1. Who specifically is the "some woman"? Is she an employee, customer, supplier? Is she someone with whom your mother is in contact on a regular basis? You don't have to ask for names; just try to calmly discuss the issue to get more facts.

2. How did this woman "get" the Trust? If she obtained a copy of it, she would have access to information, but typically a trust doesn't itemize specific financial assets (or e.g., account numbers) unless allocations are delineated for specific heirs. So there would have to be a level of contact, documentation, etc., for someone to know what assets your mother has.

3. Does your mother actually has those kind of assets that could be manipulated by thieves? I'm not asking for details; I'm just wondering if someone working at a beauty salon has the level of assets that would attract a swindler.

4. The alleged thief/thieves would need more detail on what financial assets existed in order to swindle your mother, because if there were no assets available, there's nothing to steal. How did THIS happen? Were there any visitors to your mother's home who might have been suspicious?

5. Do you have a DPOA from your mother that would allow you to access her financial records to verify the thefts?

6. No proof - therein lies the problem.


If you have access to your mother's financial records, start there to build a paper trail demonstrating what assets have been swindled.

You'll also need to be more specific about the "organized scammers"... If it was a group, consortium...just a few people ...it's hard if your mother won't reveal details, but if there is an organized group, the state police might also need to be involved, after you get details.

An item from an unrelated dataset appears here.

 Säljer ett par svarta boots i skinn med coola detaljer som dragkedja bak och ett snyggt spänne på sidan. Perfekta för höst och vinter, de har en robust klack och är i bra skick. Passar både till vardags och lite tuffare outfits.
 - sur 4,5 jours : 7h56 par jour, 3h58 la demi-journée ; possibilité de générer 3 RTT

If you discover information that they used your mother's ID to steal, that involves another level of criminal activity beyond the theft - identity fraud. I learned some years ago that some law enforcement agencies either have or participate in identify fraud task forces.

But first, you do need to find out exactly what was stolen, from bank statements, financial transactions, etc. Somehow or another, you'll need to have access to your mother's financial records.

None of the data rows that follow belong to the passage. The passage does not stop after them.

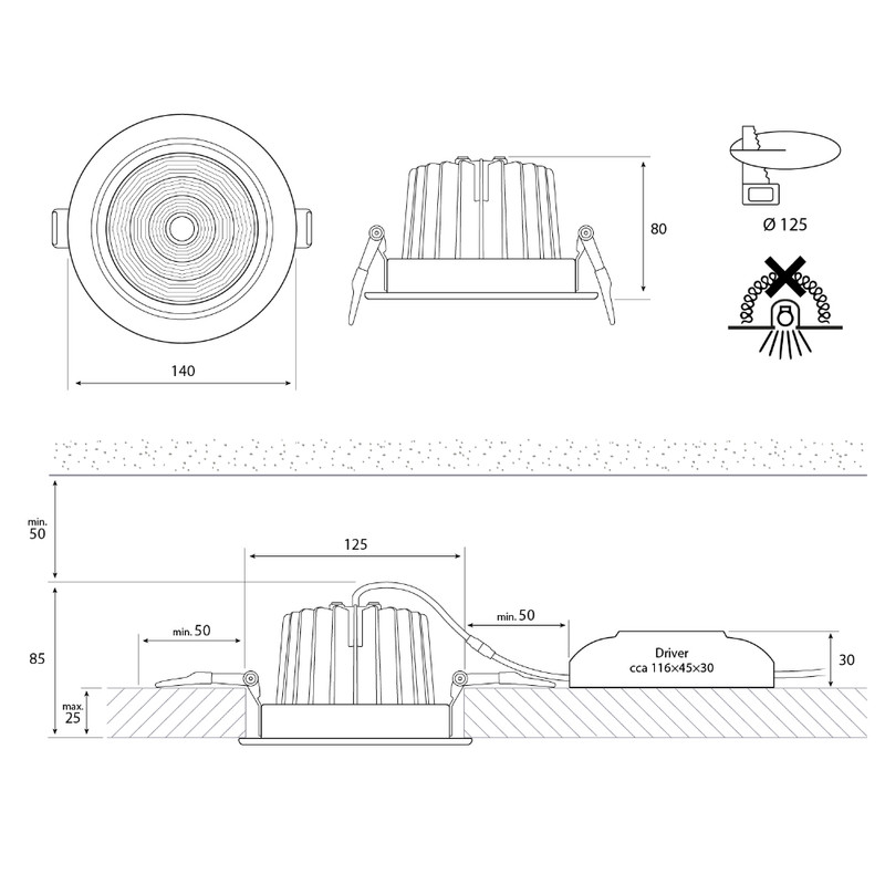 | Vhodné pro stropní upevnění |
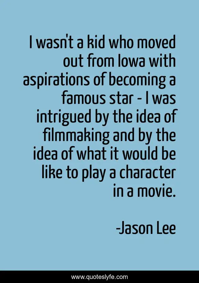 This page presents the quote "I wasn't a kid who moved out from Iowa with aspirations of becoming a famous star - I was intrigued by the idea of filmmaking and by the idea of what it would be like to play a character in a movie.". Author of this quote is Jason Lee. This quote is about play, character, filmmaking,.
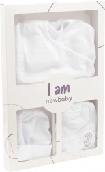Táto novorodenecká súprava NEW BABY I AM je navrhnutá s ohľadom na citlivú pokožku bábätiek. Jemná a priedušná bavlna poskytuje celodenné pohodlie, zatiaľ čo praktické detaily uľahčia každodenné prebaľovanie a obliekanie. Neutrálnu bielu farbu a čistý dizajn využijú dievčatká aj chlapčekovia.
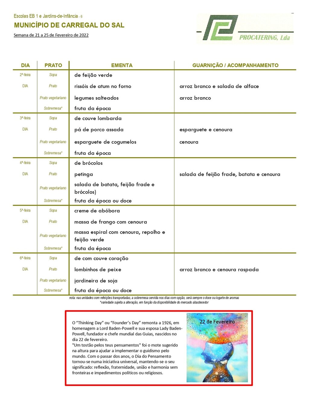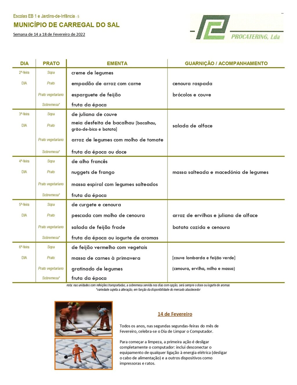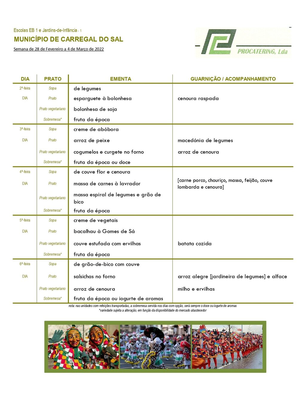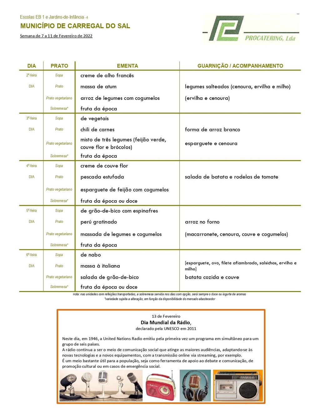 Ementa escolar para os alunos do pré-escolar e 1º CEB.
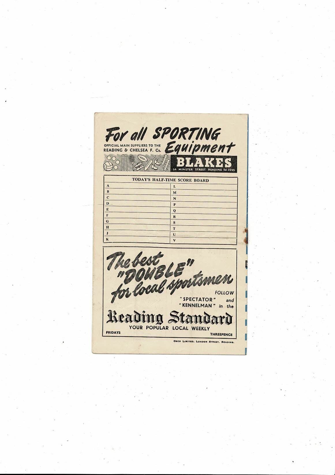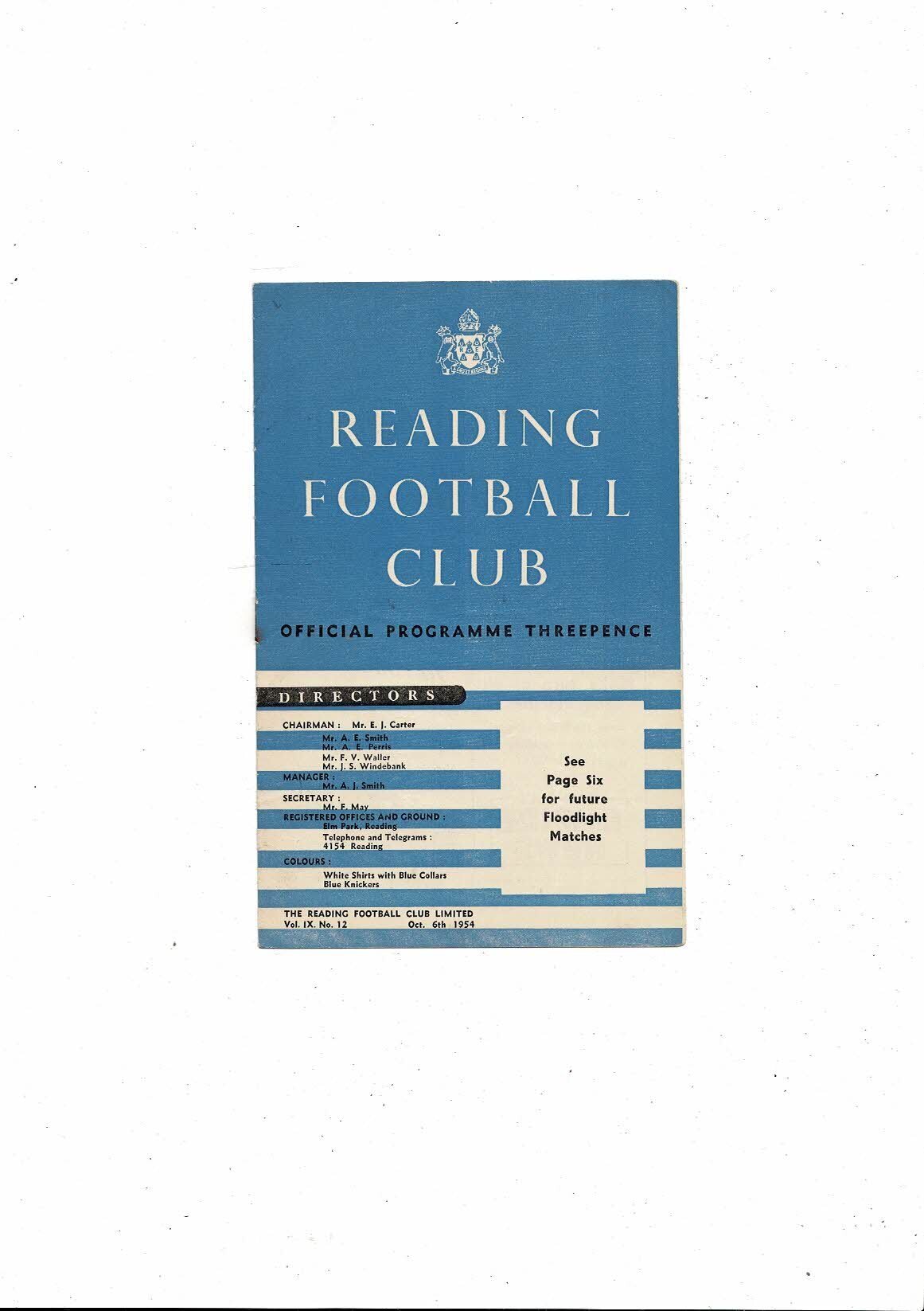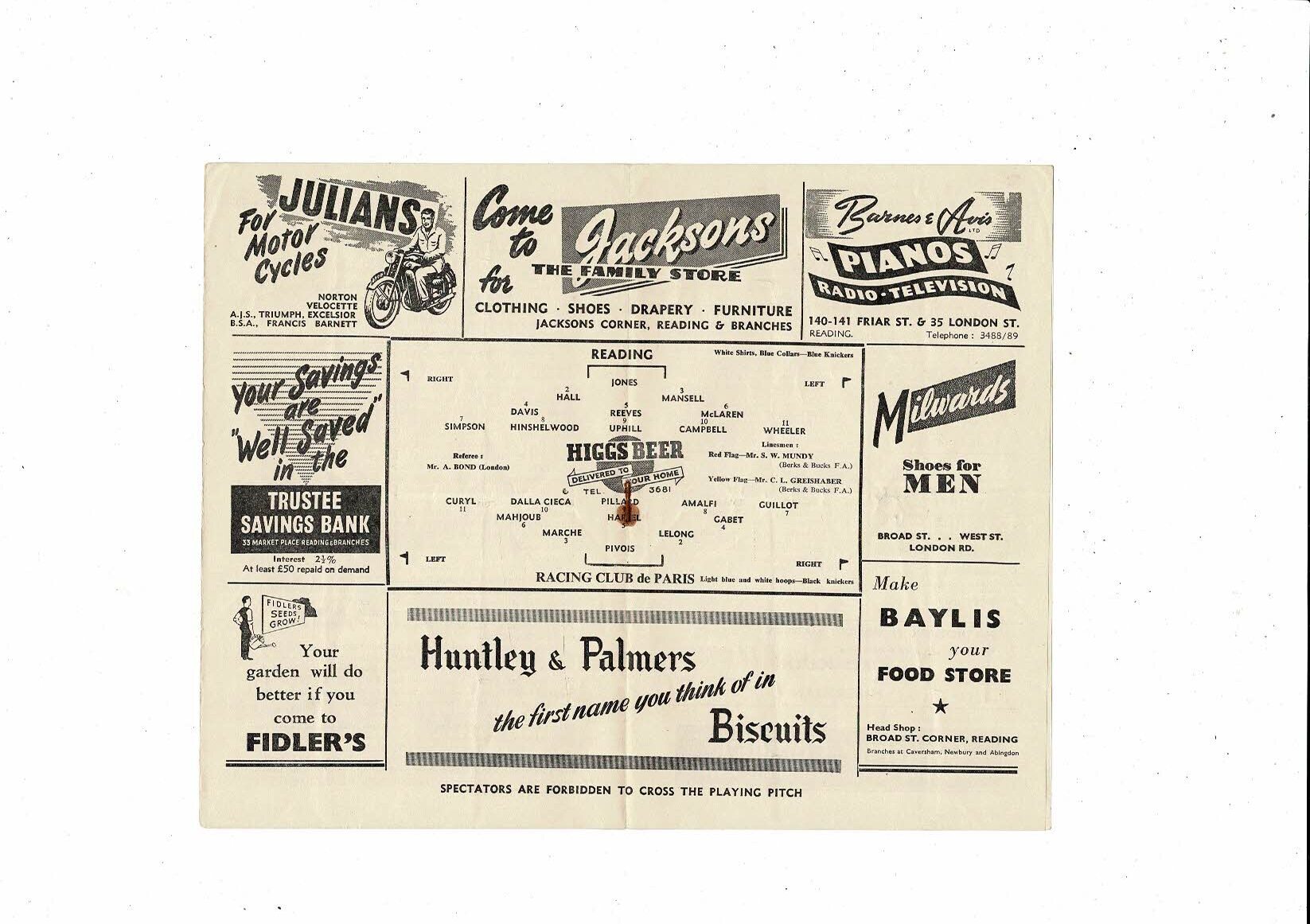 Reading v Racing Club de Paris Friendly Football Programme 1954/55

If she sold property, what specific property? Household goods, a car, real estate? You can easily check for sale of real property by calling the register of deeds or treasurer's office of your municipality or county and asking what documents have been recorded in the last few years. Better yet, go there yourself and have someone in the register of deeds office show you how to do a property check.

On related issues....is your mother still working there? Is she being threatened? If so, are they physical or financial threats? Threats can be reported to the police aside from the theft issues.

I hesitate somewhat to raise this issue, but as I was reading that so many issues as well as proof are still nebulous, I couldn't help thinking what I've read repeatedly in other's comments here. If your mother is a little bit confused, or has some element of dementia, this may not have happened at all.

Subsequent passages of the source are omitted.